When trouble is developing, we use "trouble is brewing" but when someone is in trouble, someone is in "hot water" or "in the soup."

"If this doesn't work, you're going to be in (hot water/in the soup) with the SEC"

Is there an equivalent translation for this expression that involves boiling/brewing/soup in particular?

Thanks in advance.


----------



## ilocas2

In Czech there is _být v bryndě_ and it means to be in trouble

*brynda* is a derogatory word for a liquid, an ugly liquid, a liquid with bad taste, it can be used for a soup


----------



## rusita preciosa

In Russian we have an expression:
попасть в заварушку - get into a little "cook-up"


----------



## Karton Realista

In Poland we say "*Wpaść jak śliwka w kompot*" (to fall into like a plume into compote) - to get in trouble.


----------



## ThomasK

I am late, but I noticed that in Dutch we have quite some expressions with a "we are in + [mashed food, from soup to jumbled ... ]" structure: _*we zitten in de rats [ratatouille]/ puree/ prak [mashed food].*_ It could even become more vulgar in English or French (sh..., m....), though that food is no longer cooked.
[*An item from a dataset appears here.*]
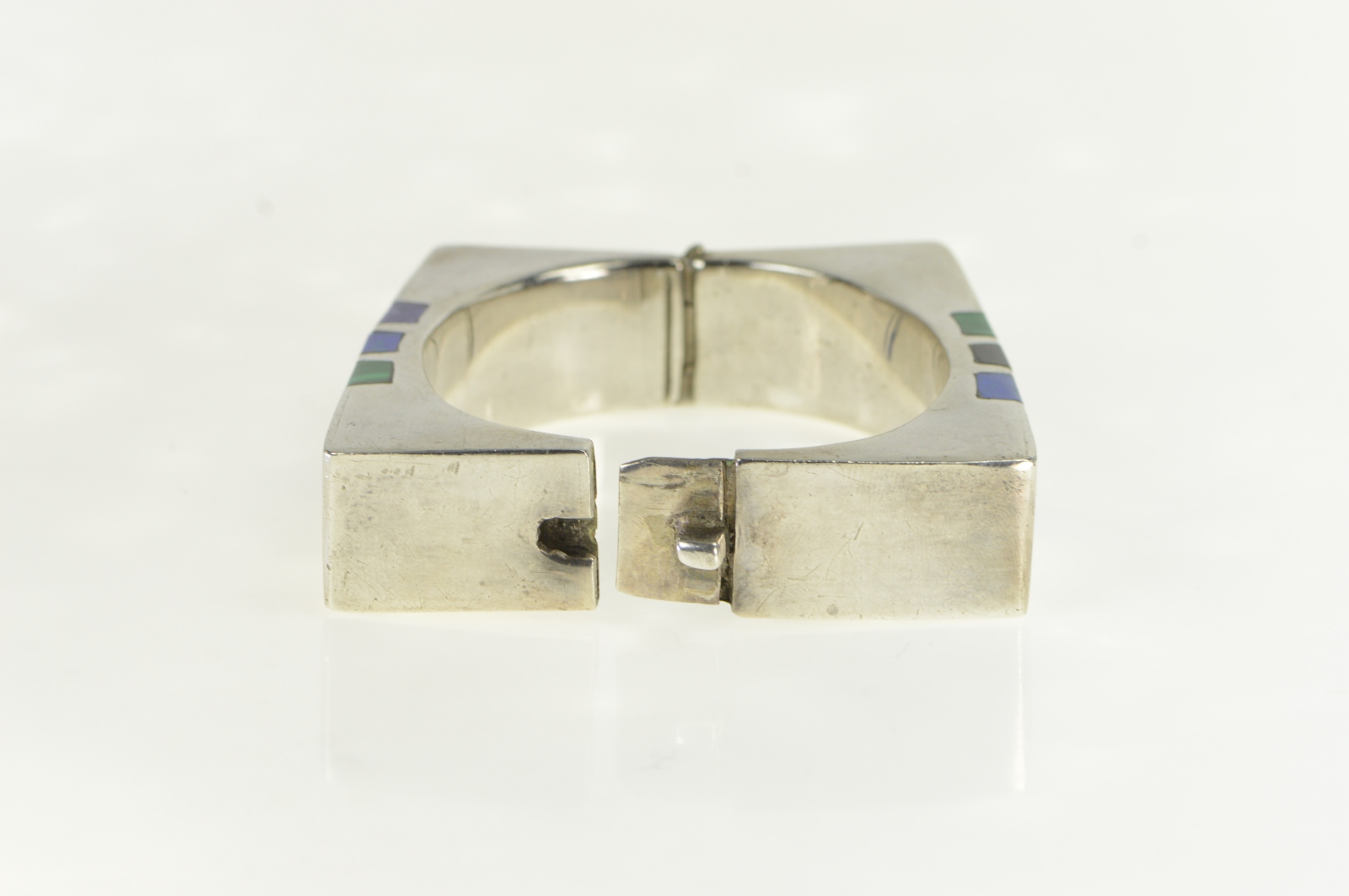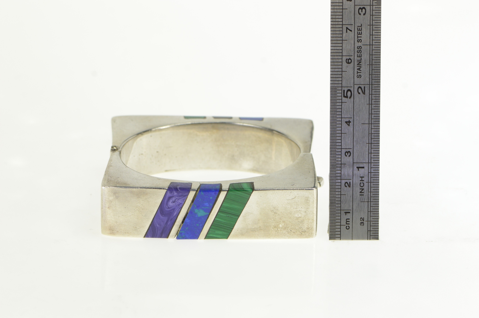 Item:  Sterling Silver Lapis Sugilite Malachite Square Bangle Bracelet 6.5"

There must be more languages where you have this phenomenon!


----------



## bibax

ilocas2 said:


> In Czech there is _být v bryndě_ and it means to be in trouble ...


Also

být v "pěkné" kaši = to be in "nice" mash/purée/porridge (= Brei in German; in der Patsche sitzen);
být v rejži = to be in the rice;
být v troubě = to be in the oven;
být v loji = to be in the tallow;

And we knead dough for troubles.

Je zaděláno na problém. = It [dough] has been kneaded for a problem.
Zaděláváš si na problémy. = You are kneading [dough] for troubles.
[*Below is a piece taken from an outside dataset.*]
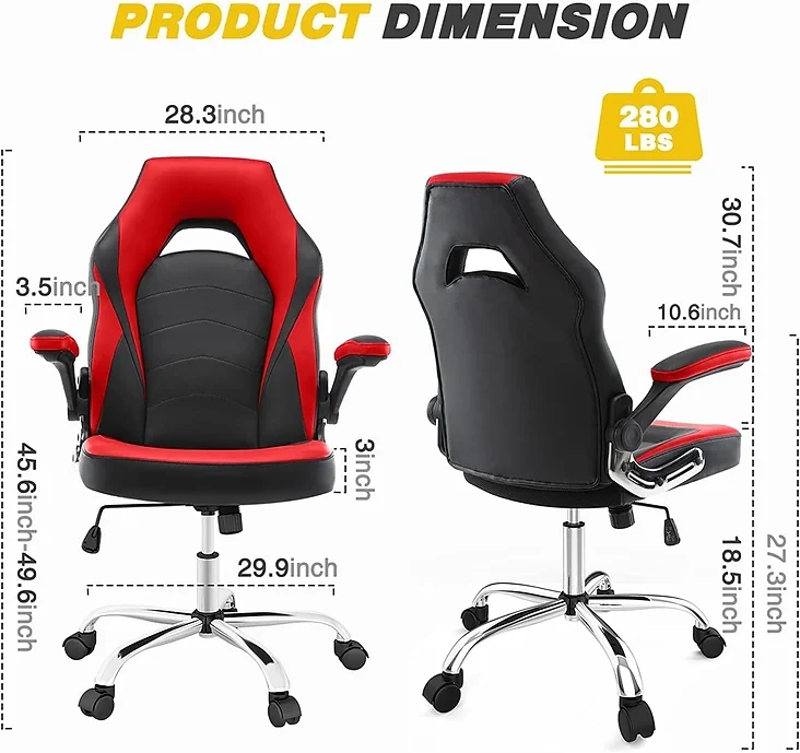 Gaming Ergonomic Computer Gamer Chairs with flip arm - Red and Black

zavařit (si) pěknou kaši (Russ. завари́ть ка́шу) = to cook up "nice" mash/purée (to oneself);


----------



## ilocas2

Yes, but the OP was about soup.


----------



## ThomasK

Quite true, but I think some soups look like stew, broth, etc.!


----------



## Grzmi

In Polish:
_
nawarzyć piwa_ (to brew [a lot of] beer) or _narobić bigosu _(to make [a lot of] sauerkraut, cabbage and meat stew)_ = _to mess things up


----------



## ibogi

In Serbian, idiomatic way to say this is "Sprema se nevolja/Sprema se nešto" - Trouble is getting ready/Something is getting ready

There is also an expression "Nešto se kuva"Something is cooking . For example, if you and your colleagues were at work, and there is a heavy meeting at the director's office. You expect some important news, then you would say to one another to describe the sitiuation "Nešto se kuva". You don't say "Nevolja se kuva" (sounds strange)


----------